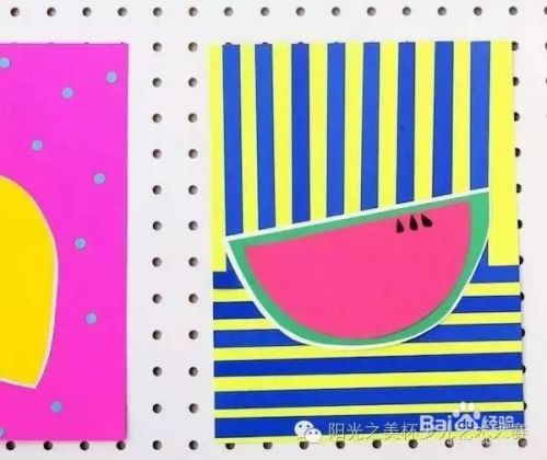黄、蓝搭配特别显眼,再配上红绿卡纸做的西瓜,简直就是太漂亮啦~
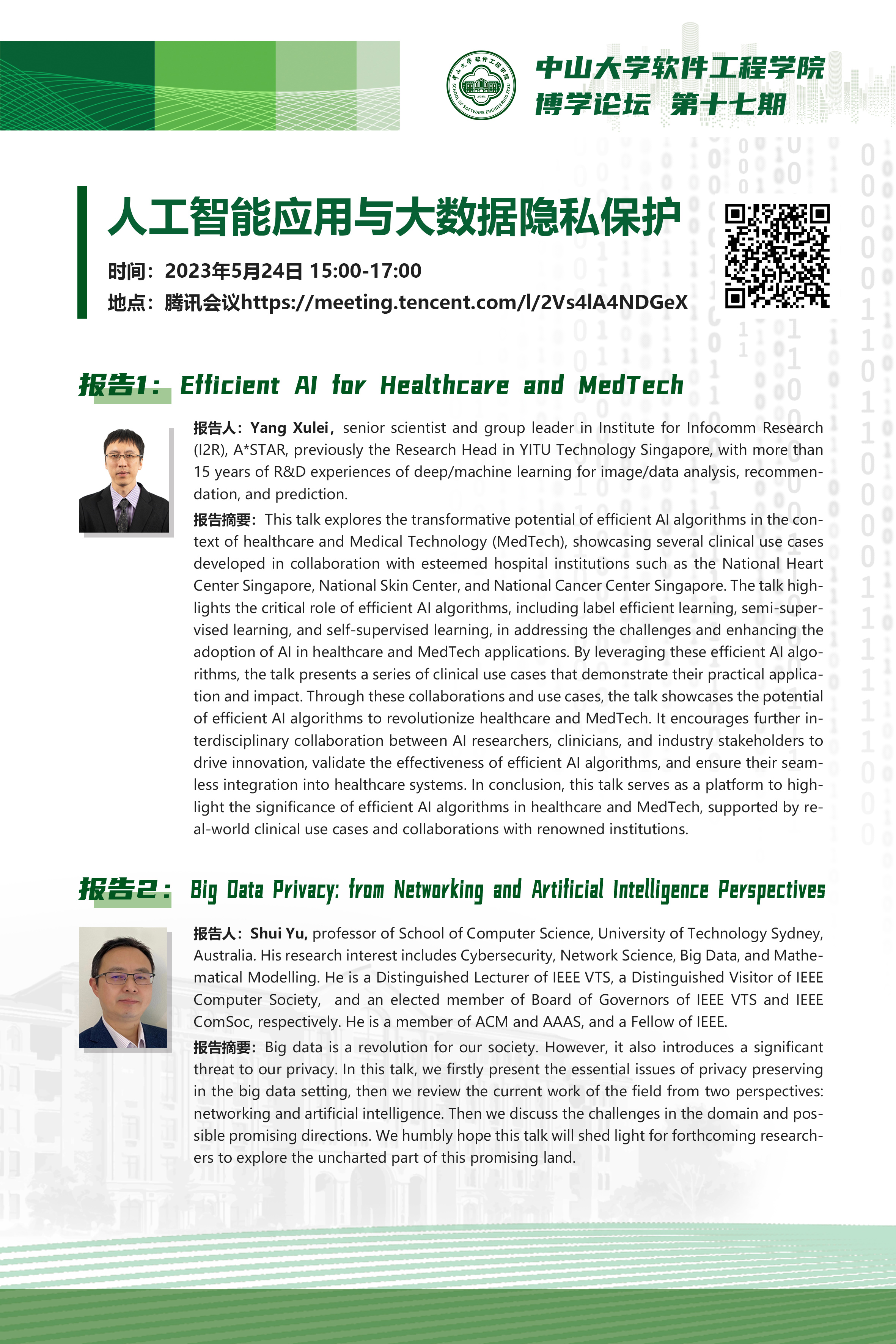 导航痕迹 太阳成集团tyc9728 学术科研 学术讲座 博学论坛第十七期:人工智能应用与大数据隐私保护 博学论坛第十七期:人工智能应用与大数据隐私保护 发布人:林柱良 发布日期:2023-05-23
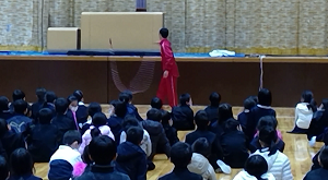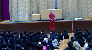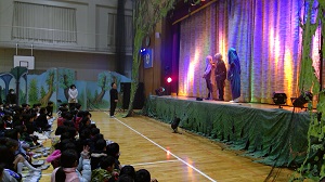 昨年も来ていただいた劇団「青い鳥」の方々が素晴らしい演技や演出をしてくれました。映像や舞台・音楽などで様々な演出を行い,児童たちは楽しい時間を過ごすことができました。
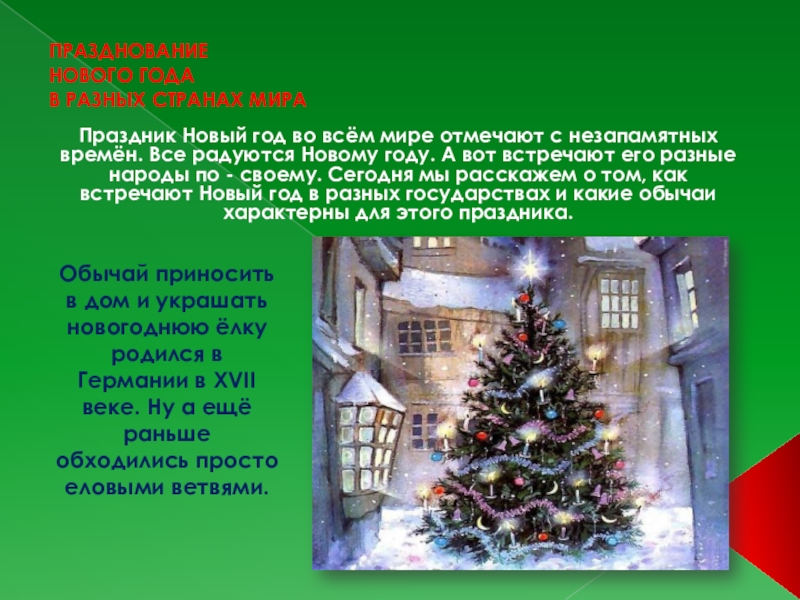 Обычай приносить в дом и украшать новогоднюю ёлку родился в Германии в XVII веке. Ну а ещё раньше обходились просто еловыми ветвями.
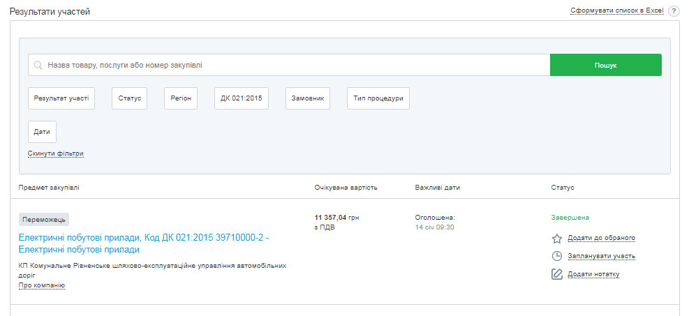 За допомогою фільтрів виберіть закупівлі з аналогічним предметом закупівлі, у яких компанія перемогла.
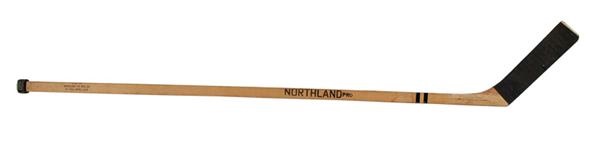 Sensational game used stick from early in Ullman's Hall of Fame career dates from the '57-58 season, one of many in which he lined up alongside the great Gordie Howe. Wrapped with its original tape on the blade and shaft, this exceptional Northland Pro exhibits moderate use throughout the body and is stamped "Ullman" and "Lippman's Tool Shop-Detroit, Michigan" in black ink, in addition to being handwritten with his number "16". Most impressive, though, are the fourteen ballpoint pen signatures (overall grade 8-9/10) that run the length of the stick and include names such as: Howe, Sawchuk, Ullman, Kelly, Kennedy, and more. Several tiny holes on shaft, once used for mounting purposes, do not interfere with the signatures in any way.

### WHAT YOU NEED TO DO
With the pictures excluded, the line containing "导航痕迹 太阳成集团tyc9728 学术科研" and every line after it through the end of the data above are to be transcribed exactly, and nothing more.

### EXERCISE SOLUTION
 导航痕迹 太阳成集团tyc9728 学术科研 学术讲座 博学论坛第十七期:人工智能应用与大数据隐私保护 博学论坛第十七期:人工智能应用与大数据隐私保护 发布人:林柱良 发布日期:2023-05-23
 昨年も来ていただいた劇団「青い鳥」の方々が素晴らしい演技や演出をしてくれました。映像や舞台・音楽などで様々な演出を行い,児童たちは楽しい時間を過ごすことができました。
 Обычай приносить в дом и украшать новогоднюю ёлку родился в Германии в XVII веке. Ну а ещё раньше обходились просто еловыми ветвями.
 За допомогою фільтрів виберіть закупівлі з аналогічним предметом закупівлі, у яких компанія перемогла.
 Sensational game used stick from early in Ullman's Hall of Fame career dates from the '57-58 season, one of many in which he lined up alongside the great Gordie Howe. Wrapped with its original tape on the blade and shaft, this exceptional Northland Pro exhibits moderate use throughout the body and is stamped "Ullman" and "Lippman's Tool Shop-Detroit, Michigan" in black ink, in addition to being handwritten with his number "16". Most impressive, though, are the fourteen ballpoint pen signatures (overall grade 8-9/10) that run the length of the stick and include names such as: Howe, Sawchuk, Ullman, Kelly, Kennedy, and more. Several tiny holes on shaft, once used for mounting purposes, do not interfere with the signatures in any way.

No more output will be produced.